Index: lib/Target/X86/X86TargetMachine.cpp
===================================================================
--- lib/Target/X86/X86TargetMachine.cpp
+++ lib/Target/X86/X86TargetMachine.cpp
@@ -24,6 +24,10 @@
 #include "llvm/Target/TargetOptions.h"
 using namespace llvm;
 
+static cl::opt<bool> EnableMachineCombinerPass("x86-machine-combiner",
+                               cl::desc("Enable the machine combiner pass"),
+                               cl::init(true), cl::Hidden);
+
 extern "C" void LLVMInitializeX86Target() {
   // Register the target.
   RegisterTargetMachine<X86TargetMachine> X(TheX86_32Target);
@@ -224,6 +228,8 @@
 
 bool X86PassConfig::addILPOpts() {
   addPass(&EarlyIfConverterID);
+  if (EnableMachineCombinerPass)
+    addPass(&MachineCombinerID);
   return true;
 }
 
Index: test/CodeGen/X86/fp-fast.ll
===================================================================
--- test/CodeGen/X86/fp-fast.ll
+++ test/CodeGen/X86/fp-fast.ll
@@ -114,3 +114,68 @@
   ret float %t2
 }
 
+; Verify that the first two adds are independent regardless of how the inputs are 
+; commuted.

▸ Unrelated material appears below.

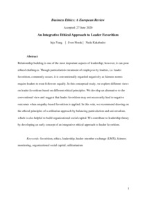 Relationship building is one of the most important aspects of leadership; however, it can pose ethical challenges. Though particularistic treatment of employees by leaders, i.e. leader favoritism, commonly occurs, it is conventionally regarded negatively as fairness norms require leaders to treat followers equally. In this conceptual study, we explore different views on leader favoritism based on different ethical principles. We develop an alternative to the conventional view and suggest that leader favoritism may not necessarily lead to negative outcomes when empathy-based favoritism is applied. In this vein, we recommend drawing on the ethical principles of a utilitarian approach by balancing particularism and universalism, which is also helpful to build organizational social capital. We contribute to leadership theory by developing an early concept of an integrative ethical approach to leader favoritism.
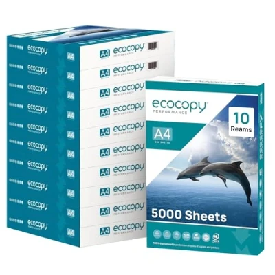 ECOCOPY A4 Printer Paper White Printing Sheet 5000 Sheets (10 Reams of 500) Multipurpose for Laser & Inkjet Printers Jam Free Copier Office, School Home Use

The destination registers are used as source registers for the third add.
+
+define float @reassociate_adds1(float %x0, float %x1, float %x2, float %x3) {
+; CHECK-LABEL: reassociate_adds1:
+; CHECK:       # BB#0:
+; CHECK-NEXT:    vaddss %xmm1, %xmm0, %xmm0
+; CHECK-NEXT:    vaddss %xmm3, %xmm2, %xmm1
+; CHECK-NEXT:    vaddss %xmm1, %xmm0, %xmm0
+; CHECK-NEXT:    retq
+  %t0 = fadd float %x0, %x1
+  %t1 = fadd float %t0, %x2
+  %t2 = fadd float %t1, %x3
+  ret float %t2
+}
+
+define float @reassociate_adds2(float %x0, float %x1, float %x2, float %x3) {
+; CHECK-LABEL: reassociate_adds2:
+; CHECK:       # BB#0:
+; CHECK-NEXT:    vaddss %xmm1, %xmm0, %xmm0
+; CHECK-NEXT:    vaddss %xmm3, %xmm2, %xmm1
+; CHECK-NEXT:    vaddss %xmm1, %xmm0, %xmm0
+; CHECK-NEXT:    retq
+  %t0 = fadd float %x0, %x1
+  %t1 = fadd float %x2, %t0
+  %t2 = fadd float %t1, %x3
+  ret float %t2
+}
+
+define float @reassociate_adds3(float %x0, float %x1, float %x2, float %x3) {
+; CHECK-LABEL: reassociate_adds3:
+; CHECK:       # BB#0:
+; CHECK-NEXT:    vaddss %xmm1, %xmm0, %xmm0
+; CHECK-NEXT:    vaddss %xmm3, %xmm2, %xmm1
+; CHECK-NEXT:    vaddss %xmm1, %xmm0, %xmm0
+; CHECK-NEXT:    retq
+  %t0 = fadd float %x0, %x1
+  %t1 = fadd float %t0, %x2
+  %t2 = fadd float %x3, %t1
+  ret float %t2
+}
+
+; Verify that we reassociate some of these ops. The optimal balanced tree of adds is not
+; produced because that would cost more compile time.
+
+define float @reassociate_adds4(float %x0, float %x1, float %x2, float %x3, float %x4, float %x5, float %x6, float %x7) {
+; CHECK-LABEL: reassociate_adds4:
+; CHECK:       # BB#0:
+; CHECK-NEXT:    vaddss %xmm1, %xmm0, %xmm0
+; CHECK-NEXT:    vaddss %xmm3, %xmm2, %xmm1
+; CHECK-NEXT:    vaddss %xmm1, %xmm0, %xmm0
+; CHECK-NEXT:    vaddss %xmm5, %xmm4, %xmm1
+; CHECK-NEXT:    vaddss %xmm1, %xmm0, %xmm0
+; CHECK-NEXT:    vaddss %xmm7, %xmm6, %xmm1
+; CHECK-NEXT:    vaddss %xmm1, %xmm0, %xmm0
+; CHECK-NEXT:    retq
+  %t0 = fadd float %x0, %x1
+  %t1 = fadd float %t0, %x2
+  %t2 = fadd float %t1, %x3
+  %t3 = fadd float %t2, %x4
+  %t4 = fadd float %t3, %x5
+  %t5 = fadd float %t4, %x6
+  %t6 = fadd float %t5, %x7
+  ret float %t6
+}